Jack Redden
Reporter, European Medical Journal
@EMGJackRedden
At the ‘Big Data in Use’ conference held in London earlier this year, Nondas Sourlas, Director of Healthcare Analytics at Bupa, spoke about how the UK’s largest private medical insurer is using Big Data to improve healthcare.
For the past 5 years, Sourlas explained, Bupa has had its own healthcare analytics team which began with just five people. “We are now about 50 people and it is not all analysts. There are clinicians in the team, specialists in reporting, data processing, as well as the core analysts,” he said. Since its beginning, the team has utilised the large amounts of data generated by the company as both a global payer of healthcare costs and from its involvement in healthcare provisions. This data has then been used to design and to improve the services that Bupa offers to its millions of customers.
Nearly 4 years ago, the team launched a programme that uses predictive analytics to identify which individuals require support at different points in their care. The programme can be used to predict which patients are at a high risk of being admitted to hospital within the next 12 months. Once a patient is identified, they are then contacted via telephone and informed about available treatment options or procedures that might be offered once they visit a consultant. According to Sourlas, the outcomes of the programme have been successful, including an annual reduction of >1,500 outpatient visits and >100 surgical procedures. As of 2 years ago, 79% of patients reported being extremely or very satisfied with the programme. No data was provided during the talk for how many patients this involved, or on what aspects of the programme the patient satisfaction referred to.
Another way in which the analytics team has used the healthcare data generated by Bupa is to carry out consultant profiling and referral management. Sourlas said that previous research has shown how many general practitioners feel they cannot make an informed decision when referring a patient to a consultant, due to a lack of available data.

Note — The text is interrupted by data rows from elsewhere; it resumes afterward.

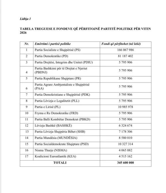 Komisioni Qendror i Zgjedhjeve (KQZ) ka shpallur këtë javë ndarjen e fondeve publike për partitë politike për vitin 2026, duke vendosur shumën që secila forcë politike do të marrë nga buxheti i shtetit.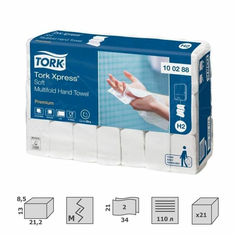 Полотенца бумажные для держателя 2-слойные Tork Н2 Premium Xpress Multifold, листовые М-сложения, 21 пачка по 110 листов (100288)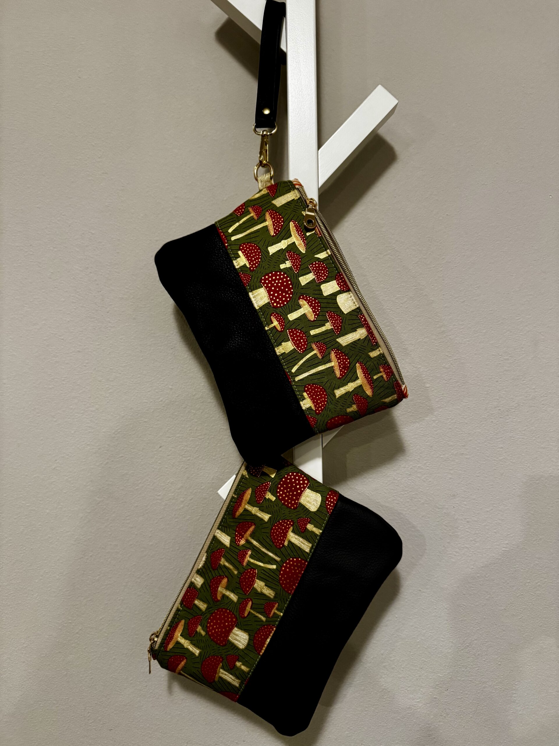 The exterior features a whimsical green, red, and gold mushroom print, perfectly contrasted by a sleek and durable base crafted from upcycled real leather upholstery scraps. Unzip the smooth gold-tone hardware to reveal a delightful surprise: a bright, geometric orange lining that makes finding your keys, cards, and phone a breeze.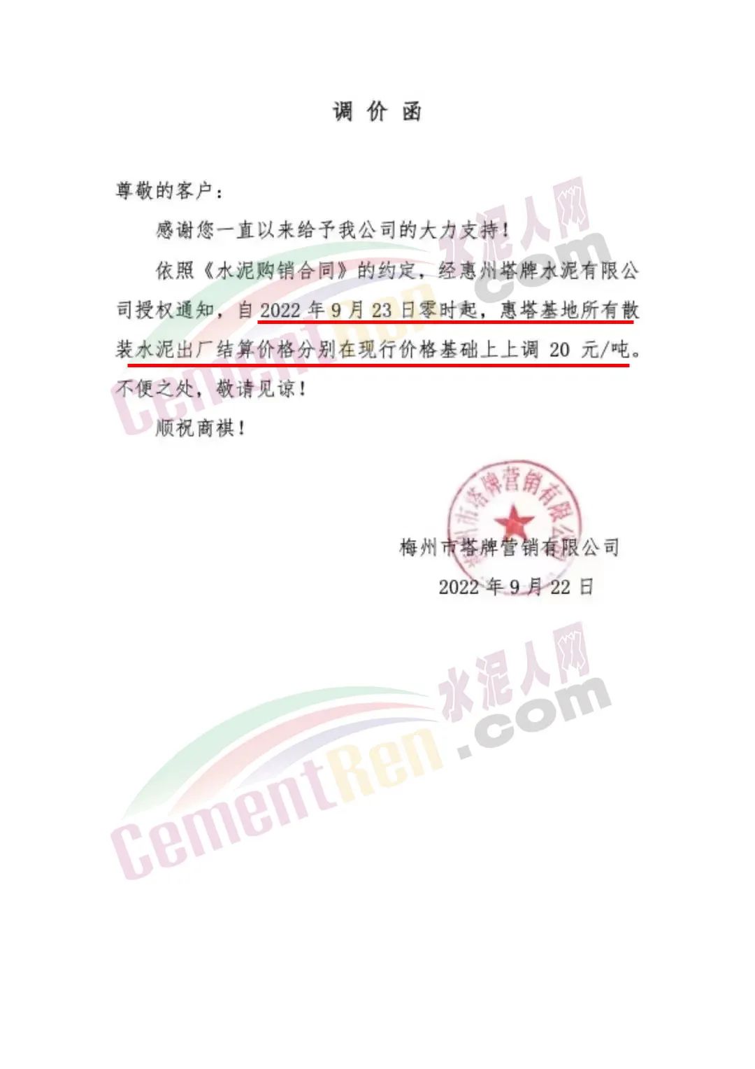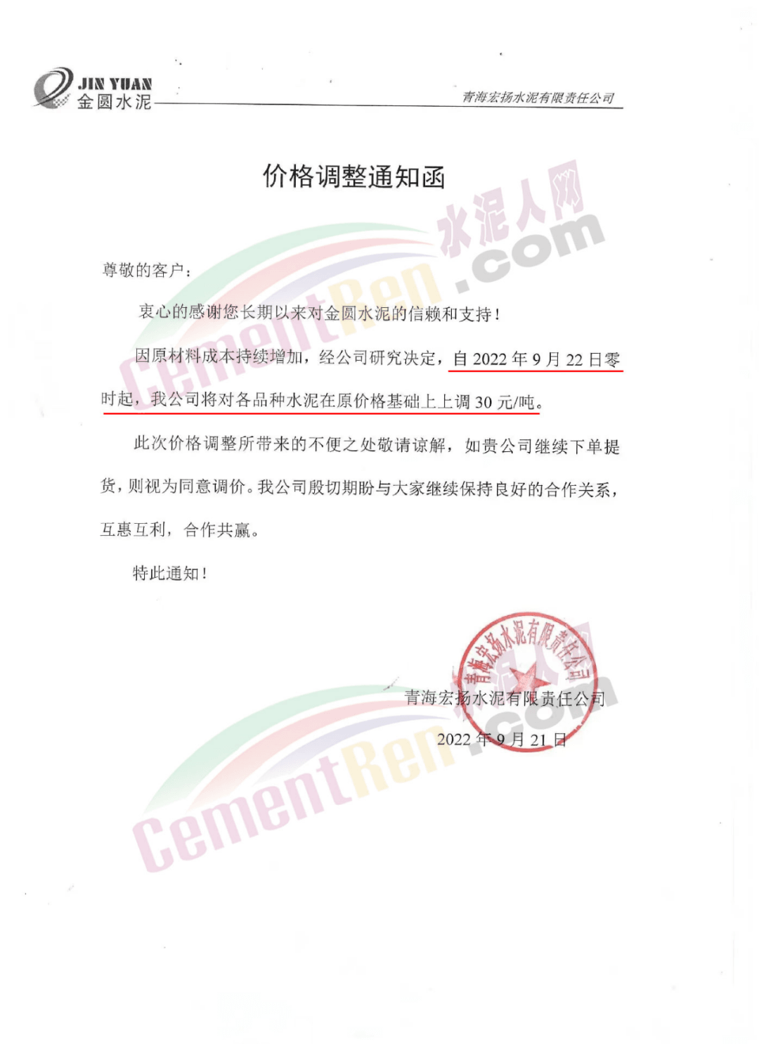 同期,區(qū)域內(nèi)海螺水泥通知自2022年9月21日中午12:00起對各區(qū)域各市場客戶,PC42.5包裝水泥和M32.5包裝水泥均上調(diào)50元/噸。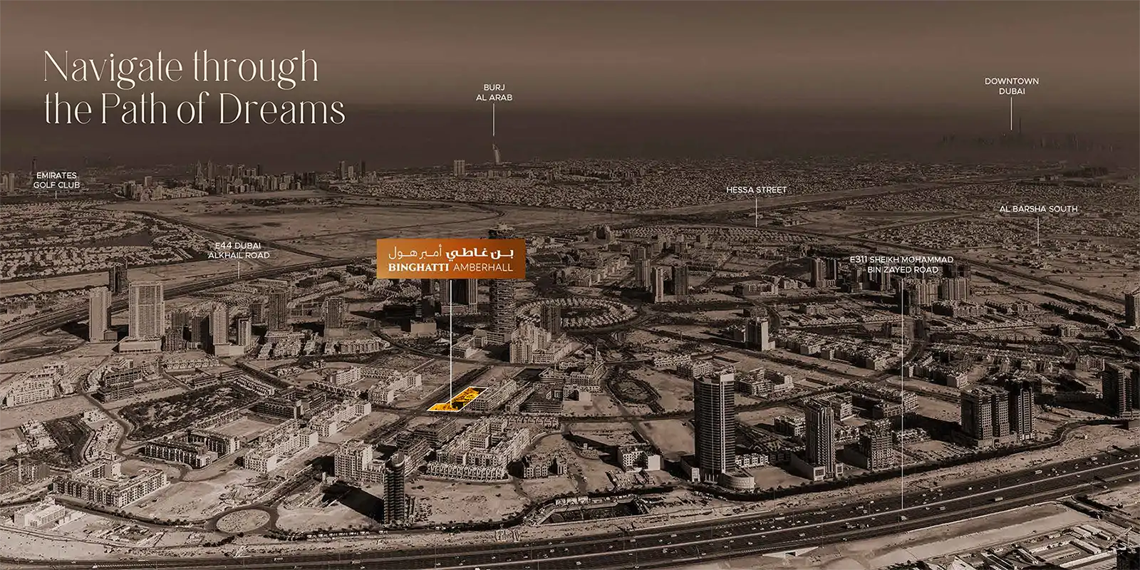 Binghatti Amberhall at Jumeirah Village Circle (JVC) is evidence to living in Dubai. Its prime location ensures quick access to major highways, making Downtown Dubai, Dubai Marina, and Dubai International Airport easily reachable. The community is well-equipped with shopping centers, restaurants, and spots, all within walking distance. Shops, restaurants, facilities are all within walking distance, providing everyday convenience. The community has well-planned infrastructure and nearness to major highways make travelling to the most significant landmarks and business hubs. The development ensures a high standard of living with proximity to retail centers, fine dining establishments, and leisure facilities. The development is a perfect place to call it home due to its accessibility and peacefulness. It offers a luxurious lifestyle with breathtaking views and easy path to all the main points of interest. A stroll through the community boutique shops, fine dining restaurants, and leisure destinations, all within easy reach.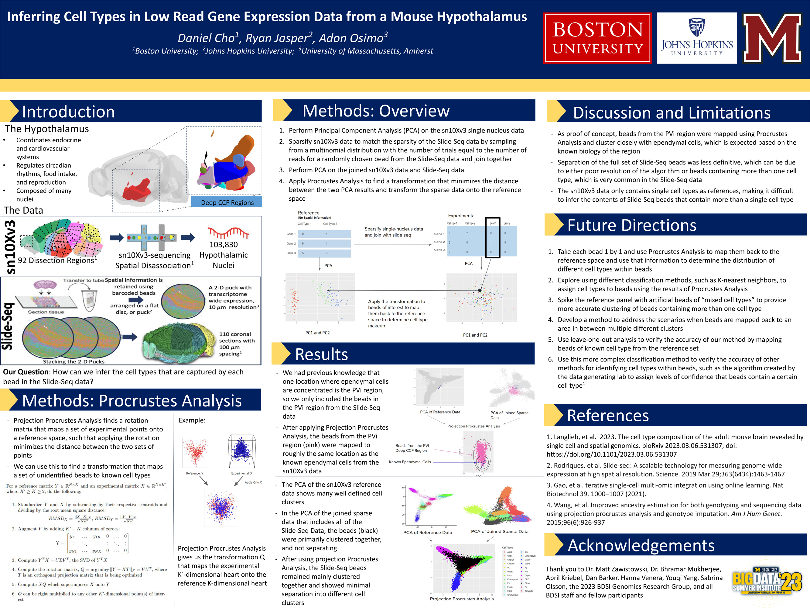 BDSI participants are split into research teams of 10 students to focus on a specific biomedical or public health application. Each team has at least one faculty mentor and one graduate student research assistant to facilitate the project work. Participants are assigned to research groups based on indicated preferences and skill sets. The specific aims and datasets are chosen closer to the start of the program.

To address this problem, the analytics team have begun to look at data that Bupa has on consultants to assess their affordability in combination with the clinical outcomes measured as a result of the care they have previously given. “With the information we have, we try to profile the consultants within specialities,” Sourlas said, “[our] clinicians are looking at clinical measures based on clinical guidelines that exist, and it is also based on affordability where we look at the cost of treatment over the whole [care] pathway.” Predictive models are also used to estimate costs, as well as to make risk adjustments that alter the mix of patient cases a consultant receives according to previous performance, such as the number of severe cases dealt with.
Sourlas also spoke about the challenges faced when measuring the results of these predictive services. “The way we are evaluating whether our predictions are right and whether we are actually providing a good service is based on healthcare outcomes,” he said. However, data on healthcare outcomes is sparse because some hospitals and consultants are not currently required to disclose these outcomes, he explained. “They will be required starting in 2017, at least for the private sector,” he added. This refers to the establishment of the Private Healthcare Information Network (PHIN), set up by the UK government, requiring private healthcare providers and consultants to make public various healthcare outcomes. This includes mortality rates, infection rates, and the number of patients transferred to an NHS hospital from a private hospital. The government has said that the PHIN will be fully operational by 2017.
Bupa does not have access to complete medical records that cover entire patient histories since UK citizens can move between accessing private medical care or by going through the NHS. A key source of data instead comes from the insurance invoices for services that healthcare providers bill Bupa for. “They need to provide diagnostic codes, codes that say you were diagnosed with X-Y-Z condition, and then the procedure code which is what [the healthcare provider] actually did; that might be a test, it might be surgery, or a consultation. Those standardised codes are the information we decipher. The clinicians in the team try to make some clinical sense out of what it is that the person had and whether the treatment was appropriate and billed at the appropriate price based on what we were contracted for”.
At the end of the talk, Sourlas was asked by a member of the audience, who said they worked for the NHS, how he thought the public sector could make better use of data. Sourlas replied: “I guess the simple answer would be: make some of that data available. The NHS over the last 2 years seems to have gone the opposite direction. Bupa was providing some services to the NHS from an analytics perspective and we were getting access to NHS data, like secondary care data – Secondary Use Services (SUS) datasets from hospitals and providers.” Sourlas explained that access to that information has become more difficult and requirements for doing so have become more stringent. “I think if we are not able to get all the data together from different payers to try and paint the right picture, then we are missing something,” he said.